В клеточные культуры, растущие определенное время в лунках 96-луночных плоскодонных планшетов с цитотоксинами или без них (контрольные и опытные образцы) за 4-6 часов до окончания расчетного периода инкубации вносили по 10 мкл раствора МТТ (стоковый раствор 5 мг/мл, Sigma, USA). По окончании инкубации клетки осаждали центрифугированием планшетов при 1000 об./мин. в течение 5-7 минут. Супернатант осторожно отбирали, вносили в каждую лунку по 60 мкл ДМСО (Sigma, USA), осадки ресуспендировали и инкубировали 30 минут при 37С, после чего немедленно определяли оптическую плотность раствора формазана, используя спектрофотометр вертикального сканирования Titerteck Multiscan MCC/340 (Flow Lab., USA) при длине волны 540 нм. Результаты измерения обрабатывали с использованием программы Elisafit.
Результаты исследования
Наночастицы получали так называемым методом соосаждения [5, 6]. Нерастворимые в воде паклитаксел и ПЛГА носитель растворяли в смешивающемся с водой органическом растворителе (ацетоне), образовавшуюся органическую фазу добавляли к водной фазе, содержащей поверхностно-активное вещество (полоксамер 188). По мере удаления органического растворителя, растворимость паклитаксела и полимера снижается, что, при правильном подборе параметров синтеза, приводит к образованию частиц субмикронного размера (250-300 нм).
Ранее нами было изучено влияние различных технологических параметров на физико-химические свойства лекарственной формы, в частности, на выход лекарственного вещества. Продемонстрировано, что при использовании соотношения паклитаксел:ПЛГА 1:100 и ниже синтез наночастиц проходит практически без потерь лекарственного вещества и полимера.

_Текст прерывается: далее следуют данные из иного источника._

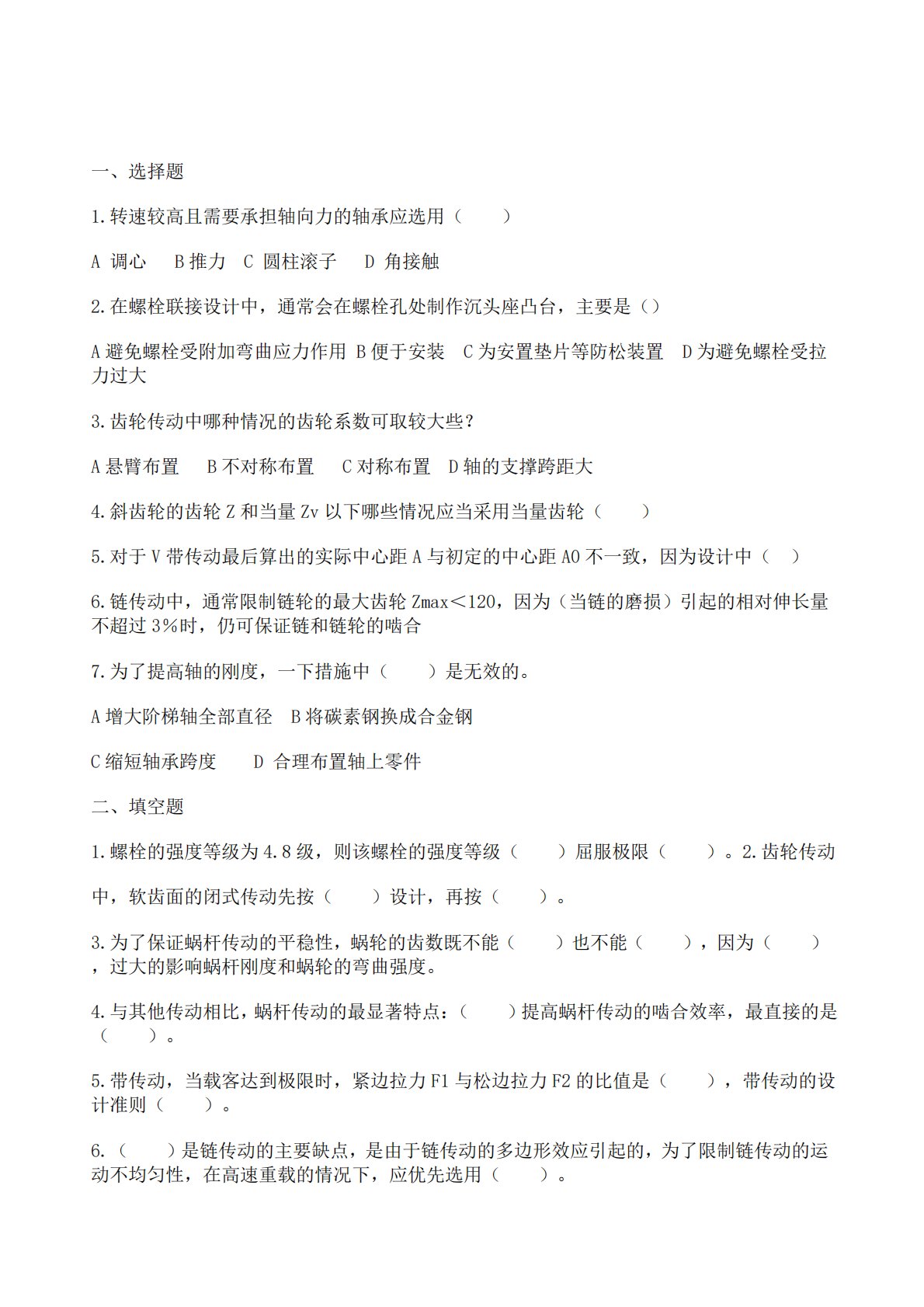 一、选择题1.转速较高且需要承担轴向力的轴承应选用()A调心B推力C圆柱滚子D角接触2.在螺栓联接设计中,通常会在螺栓孔处制作沉头座凸台,主要是()A避免螺栓受附加弯曲应力作用B便于安装C为安置垫片等防松装置D为避免螺栓受拉力过大3.齿轮传动中哪种情况的齿轮系数可取较大些?A悬臂布置B不对称布置C对称布置D轴的支撑跨距大4.斜齿轮的齿轮Z和当量Zv以下哪些情况应当采用当量齿轮()5.对于V带传动最后算出的实际中心距A与初定的中心距A0不一致,因为设计中()6.链传动中,通常限制链轮的最大齿轮Zmax<120,因为(当链的磨损)引起的相对伸长量不超过3%时,仍可保证链和链轮的啮合7.为了提高轴...
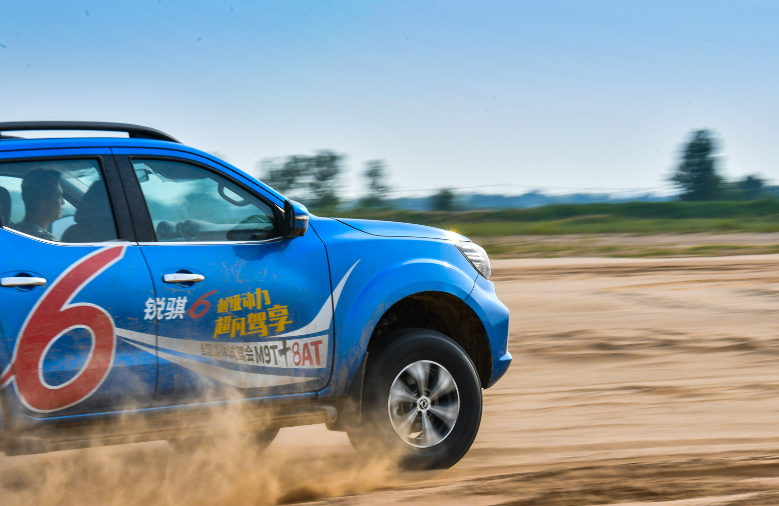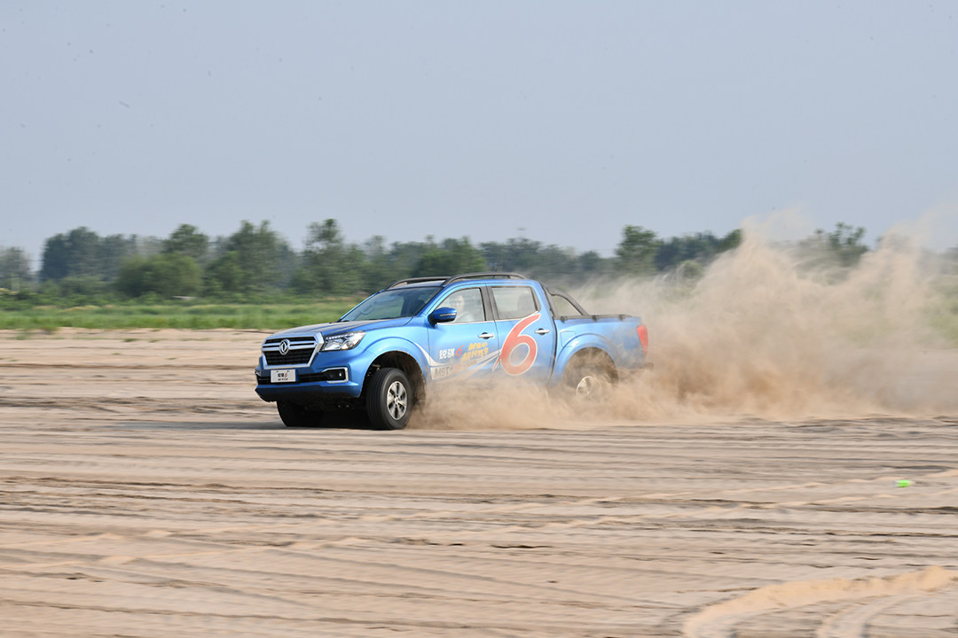 沙滩又是另外一种体验了,油门到底,感受着发动机嘶吼的声音,尔后猛打方向盘,漂出一道优美的弧线,想不到皮卡也能用来漂移吧。实际上这一项目是为了考验车身姿态的稳定性,好不好,用事实来说话。现场的媒体老师都玩疯了,锐骐6依旧坚挺。

Полученная лекарственная форма была устойчива к замораживанию и последующей лиофилизации: суспензия не теряла агрегативной устойчивости после, по меньшей мере, 3 циклов «-200С – комнатная температура», а добавление воды или раствора полисорбата 80 к лиофилизату приводило к образованию гомогенной суспензии. Таким образом, экспериментальная лекарственная форма стабильна и может быть пригодна как для перорального, так и для внутривенного введения. Наносомальная форма обеспечивала плавное высвобождение паклитаксела в течение 24 часов в фосфатном буфере (рН 7.4), то есть в среде, имитирующей плазму крови и внутриклеточную жидкость. Введение в инкубационную среду полисорбата 80 в качестве солюбилизатора обеспечивало немного более высокую скорость высвобождения паклитаксела по сравнению с немодифицированным фосфатным буфером.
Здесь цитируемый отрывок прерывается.